Fin’s mentor at a Hoboken model train shop died a few weeks ago, and much to Fin’s surprise, left his assistant a tiny plot of land in Newfoundland, upon which sits the town’s now obsolete train depot. Neither Fin nor the actor playing him gives much away, not at first anyway, but Fin is probably thrilled. He’s a trainman. Late at night, he lies on his bed (an old couch) and listens to the them roaring past his new home, heading for elsewhere. Their weight and clatter makes the sofa bed tremble, and although writer-director Tom McCarthy doesn’t linger, it seems likely that Fin doesn’t shut his eyes until after those cars have rattled past, until he’s sure the trains are still running on time.
For Fin, there’s important restoration work to be done—a lifetime’s worth — and yet people — and who needs them? — keep knocking at the station door. First, and most persistently, like a gnat you can’t swat away, comes Joe (Bobby Cannavale), an adorable, can’t-sit-still, won’t-shut-up Cuban who parks his ailing father’s hot dog truck outside the depot everyday and who desperately wants a pal. Joe’s benignly hot for the haunting Olivia (Patricia Clarkson), who is so klutzy and distracted that she nearly runs Fin down, twice in the same hour. Initially, Fin isn’t any more forthcoming with her than he is Joe, but Olivia’s persistent too, and one night, over a bottle of apology wine (for almost running him over), she tells Fin that her little boy died two years ago. At the news, Fin stares, stunned (Olivia: “Could you not look at me right now?”), for here is someone with more of a right to sadness than he, and that, I think, is the moment Fin reengages with the world. Suddenly, he’s needed.

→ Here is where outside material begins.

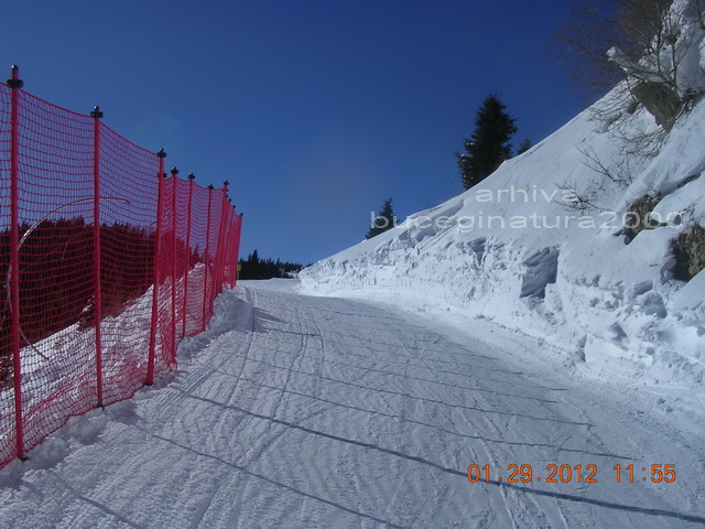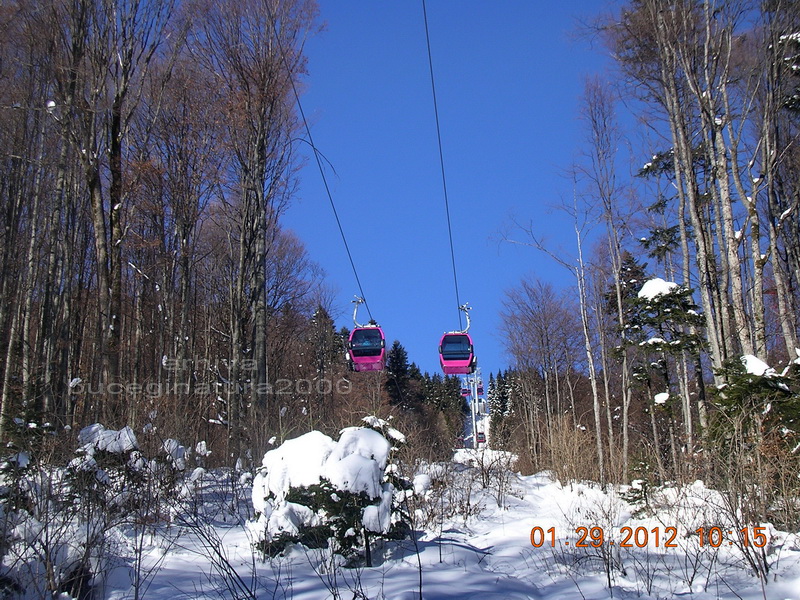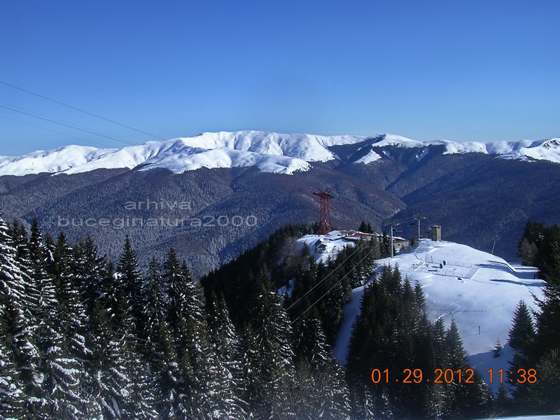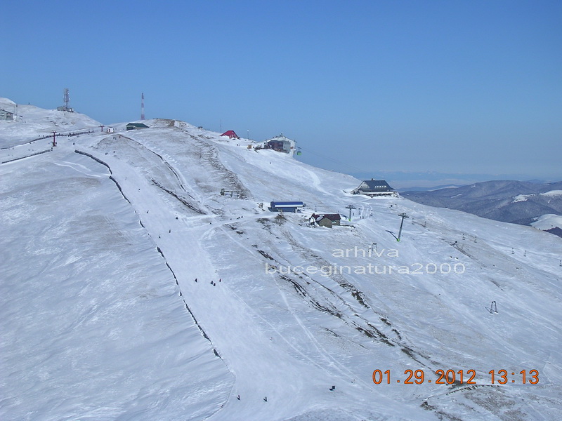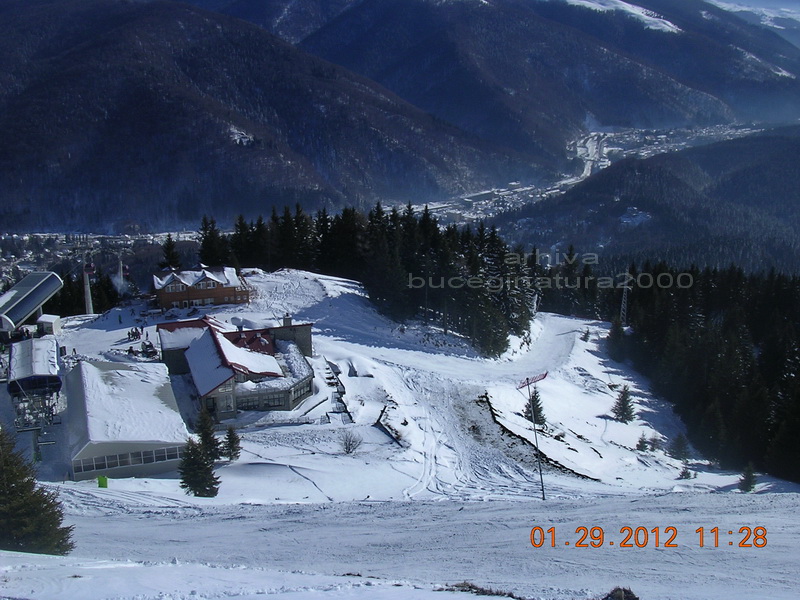 Aici se vede mai bine restaurantul Telefericului, vizavi de cabana lui Samoila. Intre cele doua locatii este Partia Noua, in stare foarte buna, inzapezita si artificial…se ajunge pe aceasta pana la statia de jos a telegondolei

Despite a flurry of melodrama in the third act, not much happens in this movie, except that three people form a bond, for a lifetime, or maybe for just right now. Either way is fine. Joe, always talking, keeps trailing along behind Fin, pretending to love trains too, until, suddenly, he does. Olivia, whose husband has left her, keeps giving them rides home, and soon, they’re a trio, walking the tracks. And one day, to fulfill a dream of Fin’s, he and Joe take Olivia’s video camera and that lopsided tin can hot dog truck and go racing alongside a speeding train, like storm hunters pursuing a tornado. Fin, riding shotgun, proves to be a lousy cameraman and accidentally turns the camera on himself, forever capturing a glimpse of his own face — eyes wide, soul thrilled. Joe’s beside him, driving wildly, and whooping and hollerin’ like a cowboy roping his first steer. The pursuit is a rush, but mostly, Joe’s happy because he’s made Fin happy. They’re friends. It’s a quick flash of a scene, and yet, watching those two — so ecstatically engaged with life — I thought, Oh. This is what I’ve forgotten, and what Joe knows instinctively: Joy doesn’t just come. Sometimes you have to chase after it. You have to meet it halfway.